ELEVEN

I used up some of my minutes getting handed off until someone connected me with a sergeant I knew who told me I’d find Inspector John Alderdyce at the Wayne County Morgue. “Standing up,” he assured me; there’s always plenty of high comedy to be had at 1300.

Officially it’s the Coroner’s Court Building, but nobody’s called it that since running boards went out of style. I parked in a loading zone on Lafayette, went through the emergency cards in the glove compartment until I found a medical one with a serpent-and-staff, and fixed it to my visor so it could be seen through the windshield. The gag almost never spared me a ticket, but it usually slowed down the tow truck. I walked three blocks to Brush and entered the tidy corner building shaped like the prow of an ocean liner that some visitors mistook for the Detroit Athletic Club.

The clerk at the desk took my name, found Alderdyce’s in the day register, spoke over a telephone, and had me sign in. I stuck the pass he gave me in a pocket and went to the viewing room.

In recent years they’d furnished the waiting room outside with a closed-circuit monitor for friends and family to identify the deceased without actually going into cold storage, but medical students from Wayne State University gave it more of a workout observing autopsies over a sack lunch.
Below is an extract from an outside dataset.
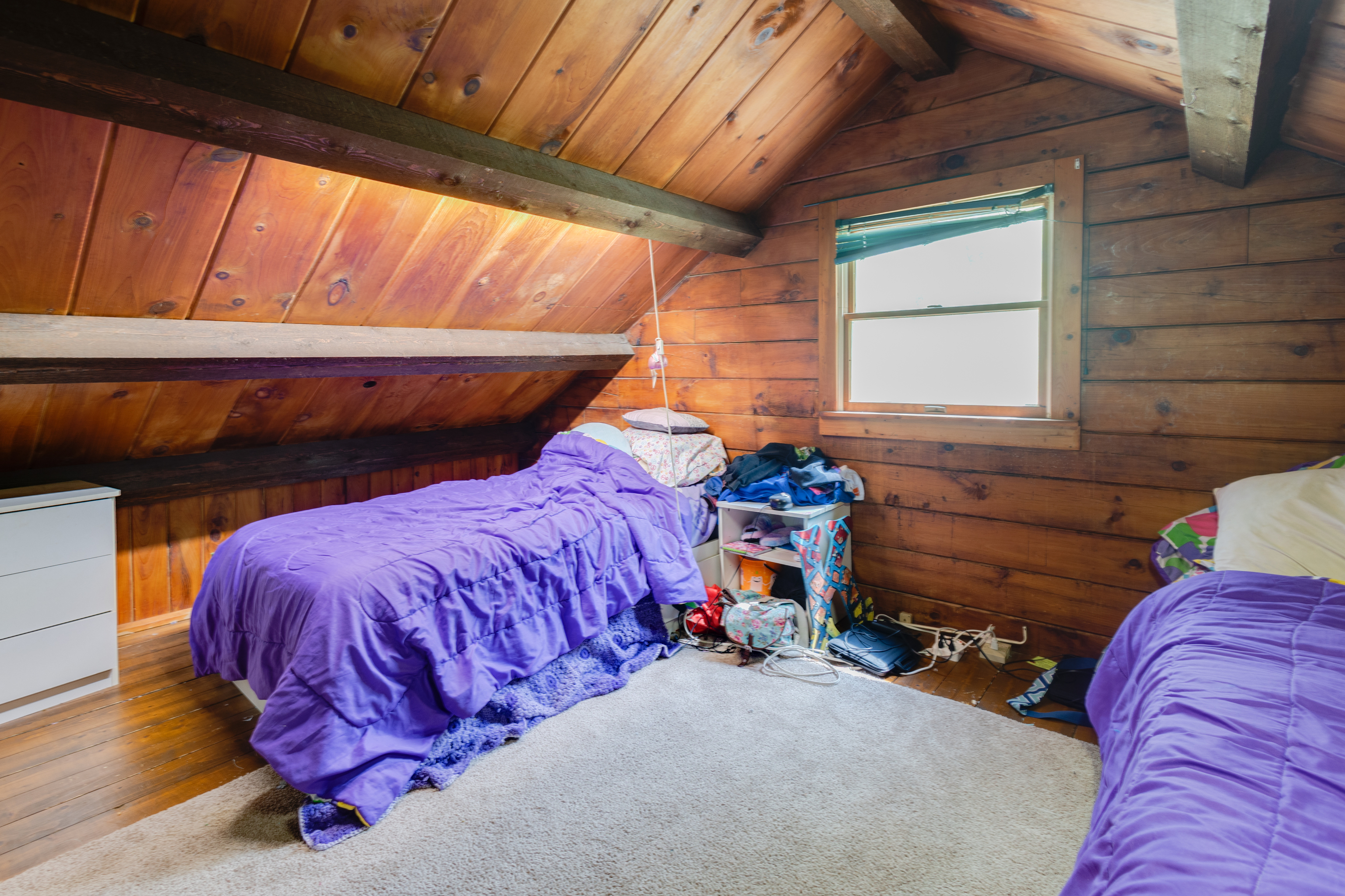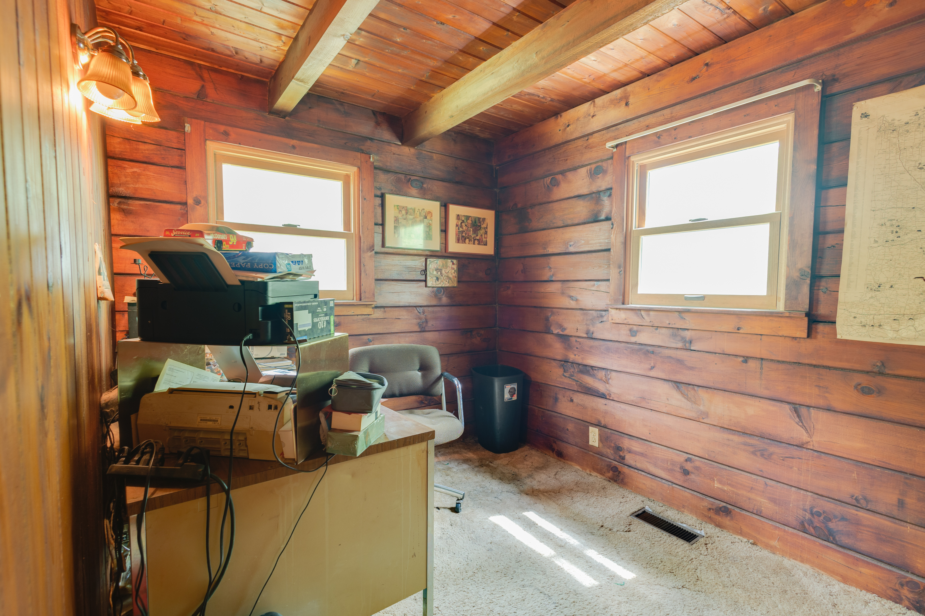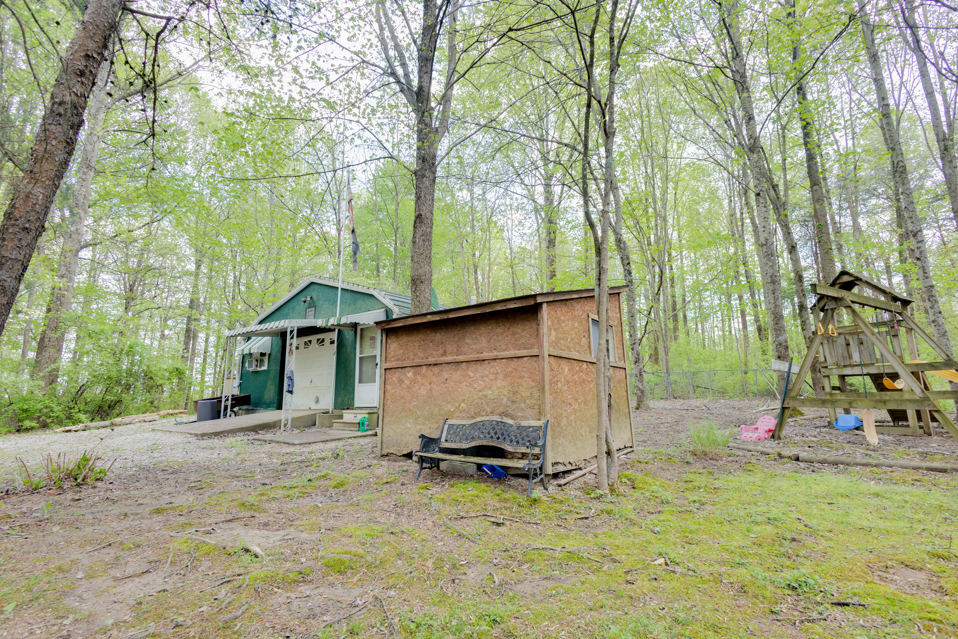 Whether you’re looking for a weekend retreat or a permanent residence, this charming cabin home is a perfect choice. This 3-beds, 2-baths log home, has a wraparound porch, walking trails, firepit area and a 36×20 detached garage situated in the woods. The cabin’s interior is warm and inviting, with an open-concept living and dining area, perfect for entertaining. The loft adds an additional level of charm and coziness to this cabin, creating a perfect hideaway for a peaceful weekend. The bedrooms are spacious and comfortable, with plenty of windows that allow natural light to flow in, bringing the outdoors inside. A family room, third bedroom, and the laundry room are all located in the basement.

Today the room was deserted and the screen was black. I went on in without knocking, into a dry cold that always smelled like ammonia and formaldehyde to me, even though experts claim the chemicals have long since been replaced by something more efficient and odorless. Anyway it’s a less sinister smell than the underlay of open carcasses, like the back room of a butcher shop.

John Alderdyce stood conversing in murmurs with a Pakistani medical examiner in gold-rimmed glasses and a white coat across one of the sheet-covered tables that took up most of the space in a room the size of a handball court. He was darker than the M.E. and twice as large. He wore a chocolate brown suit, tailored by one of the Chosen, with a thin lavender pinstripe and a shirt-and-tie set that matched the stripe. It was an elegant package for something that ought to have come in a crate. You could pound Swiss steak on his forehead and strike matches off his cheekbones.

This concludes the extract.